Le chemin au bord du lac : un pas en avant, deux pas en arrière ?
Au conseil du 22 mars 2023, la Municipalité de La Tour-de-Peilz a annoncé que la Cour de droit administratif et public (CDAP) avait constaté des problèmes de forme dans la procédure du chemin qu’il s’agissait de corriger, et que seules restaient à traiter les questions de fond. L’association des rives du lac s’est alors réjouie du pas en avant que semblait représenter cette décision judiciaire.
Quelques jours plus tard, le « 24 heures » titrait toutefois son article ainsi : « Les opposants au sentier lacustre ont eu gain de cause » et pointait du doigt des manquements et couacs dans la procédure. Alors, qu’en est-il vraiment ? L’association des rives du lac s’est penchée sur l’arrêt de la CDAP du 14 mars 2023. On y découvre que le canton et son administration (en l’occurrence la Direction générale de la mobilité et des routes), mais aussi la commune et sa Municipalité, n’ont pas respecté la procédure, ceci de manière tellement grave que la CDAP n’a pas eu d’autre solution que de constater que les décisions rendues par ces autorités étaient nulles.
La CDAP a en conséquence annulé la décision du 21 février 2022 du Département des infrastructures et des ressources humaines approuvant le projet de chemin et retourné le dossier à cette autorité pour nouvelle décision. Cela signifie que les propriétaires riverains ont gagné leur recours, sur la forme uniquement, et qu’une partie de la procédure est à recommencer. Les propriétaires pourront ensuite à nouveau déposer des recours sur le fond.
Les erreurs « graves » qui ont été commises par la commune et le canton peuvent se résumer ainsi :
- Par décisions du 16 décembre 2021 adressées aux recourants, la Municipalité a indiqué lever les oppositions au nom du Département cantonal concerné.
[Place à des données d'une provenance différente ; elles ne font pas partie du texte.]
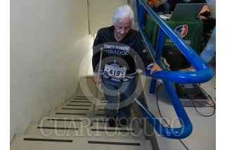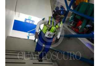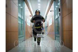 CIUDAD DE MÉXICO, 15DICIEMBRE2024.- Escuadrón de rescate y emergencias, participan en la edición 2024 de la "Carrera Vertical" que se realiza en el World Trade Center; Los participantes subieron 42 pisos que equivalen a 868 escaleras. FOTO: MAGDALENA MONTIEL/CUARTOSCURO.COM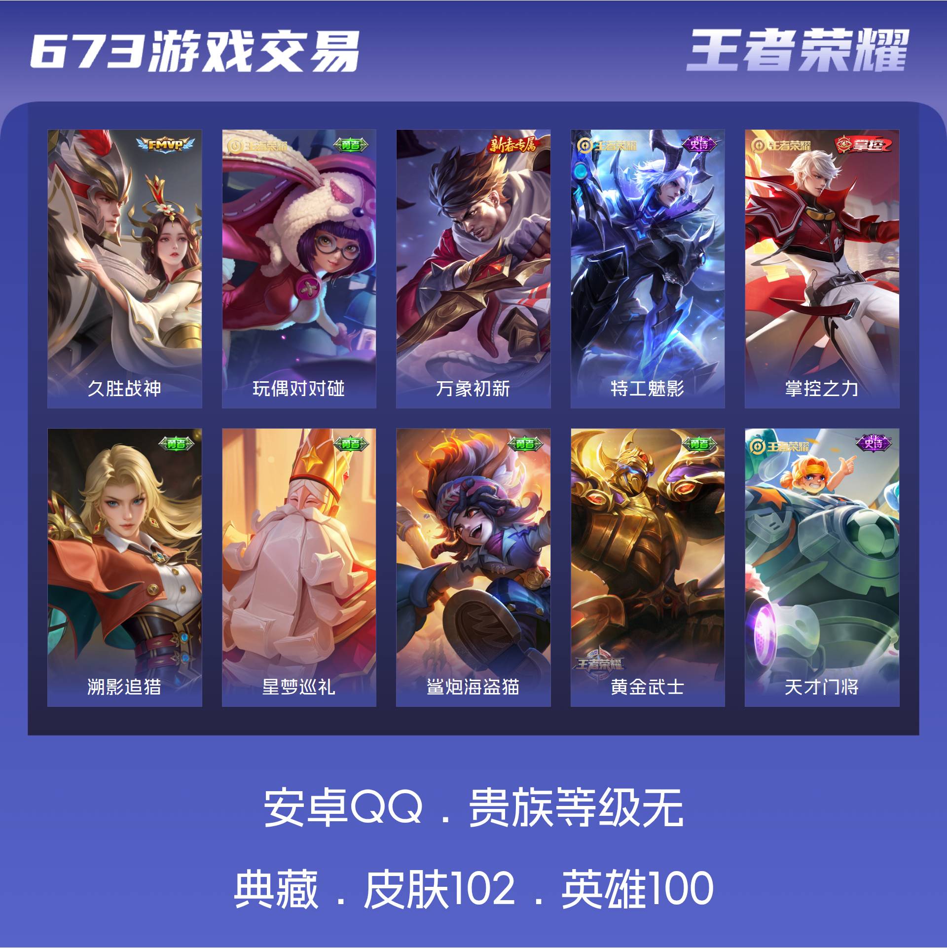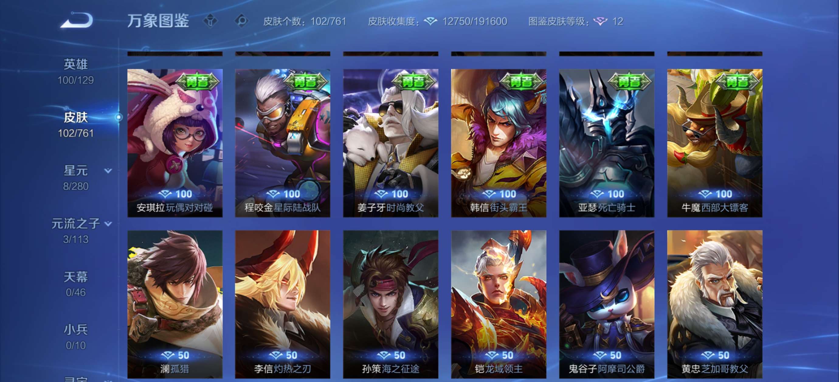 皮肤102 英雄100 尊贵铂金 传说1 其他皮肤107

Or, la Municipalité n’était pas compétente pour se prononcer elle-même sur les oppositions et encore moins pour agir au nom du Département cantonal. Les décisions communales sur opposition devaient en effet être rendues par le Conseil communal. La CDAP a donc jugé que lesdites décisions émanaient d’une autorité incompétente et étaient par conséquent nulles.
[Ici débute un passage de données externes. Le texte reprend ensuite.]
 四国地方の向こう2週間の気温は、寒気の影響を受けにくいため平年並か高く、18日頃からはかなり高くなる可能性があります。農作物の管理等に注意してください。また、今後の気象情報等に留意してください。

- Le 21 février 2022, le Département des infrastructures et des ressources humaines a approuvé le projet de chemin sur la base d’un dossier incomplet (il y manquait en particulier le Complément au Préavis municipal n° 1/2021). Dans le but de corriger cette erreur, la Direction générale de la mobilité et des routes a décidé de rendre elle-même, le 18 juillet 2022, de nouvelles décisions. Elle n’aurait toutefois pas dû procéder ainsi, car elle ne bénéficiait d’aucune délégation de compétence de la part du Département des infrastructures et des ressources humaines. La CDAP a donc jugé que lesdites décisions émanaient d’une autorité incompétente et étaient par conséquent nulles.
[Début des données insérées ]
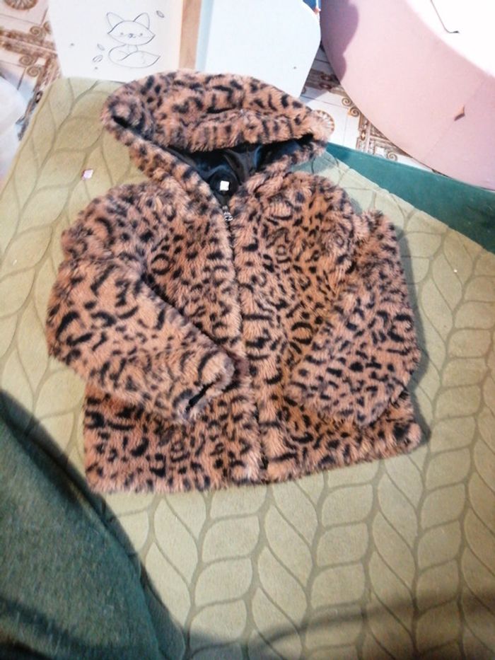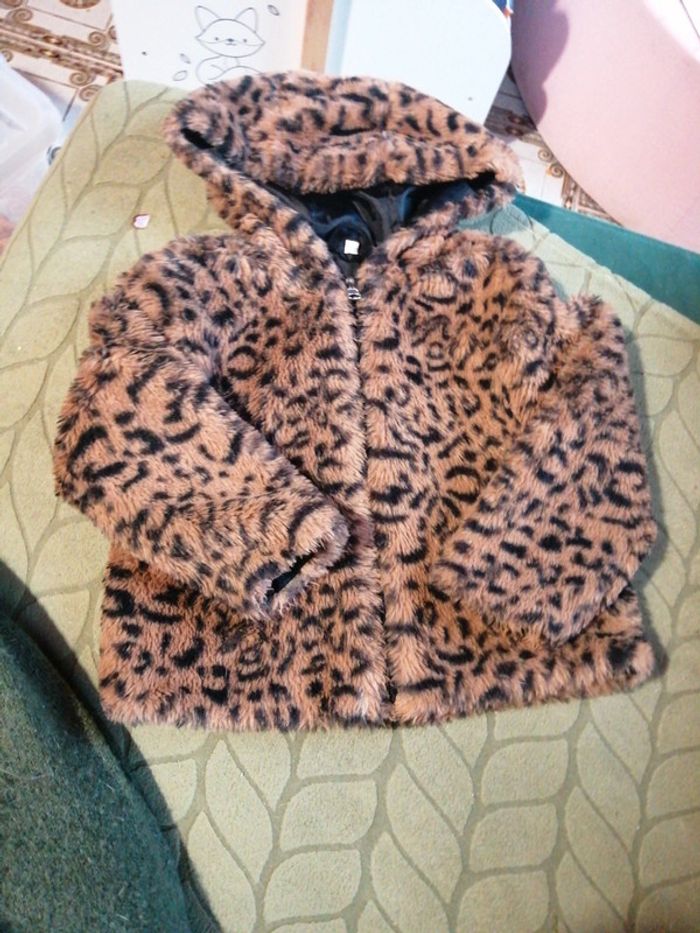 Manteau fausse fourrure léopard, Taille 92 cm / 2 ans

Il est particulièrement choquant de constater une telle accumulation d’erreurs procédurales dans ce dossier. Cela amène l’association des rives du lac à poser les questions suivantes :
La Municipalité avait-elle pris la précaution de demander un avis de droit rigoureux auprès de son bureau d’avocats, dont les compétences en droit public ne manquent pas ? Comment se fait-il que l’administration cantonale n’ait pas réalisé qu’un document important manquait à son dossier ou qu’il fallait une délégation de compétence pour permettre à la Direction générale de la mobilité et des routes de rendre les décisions du 18 juillet 2022? Quelles précautions et mesures le canton a-t-il pris pour s’assurer de la stricte légalité de sa démarche dans ce dossier, alors qu’il savait pertinemment que les propriétaires s’opposant au projet de chemin avaient la ferme intention d’aller jusqu’au Tribunal fédéral et que la procédure serait passée au peigne fin ?
Toutes ces négligences auront fait perdre plus d’un an dans ce dossier. La volonté populaire exprimée par la votation de novembre 2010 est à nouveau bafouée. L’association des rives du lac espère qu’à l’avenir la commune et le canton redoubleront de prudence et éviteront tout nouvel écueil. Pour notre part, nous allons tout faire pour maintenir notre cap et suivre de près le processus jusqu’à la réalisation du chemin pédestre au bord de notre beau lac.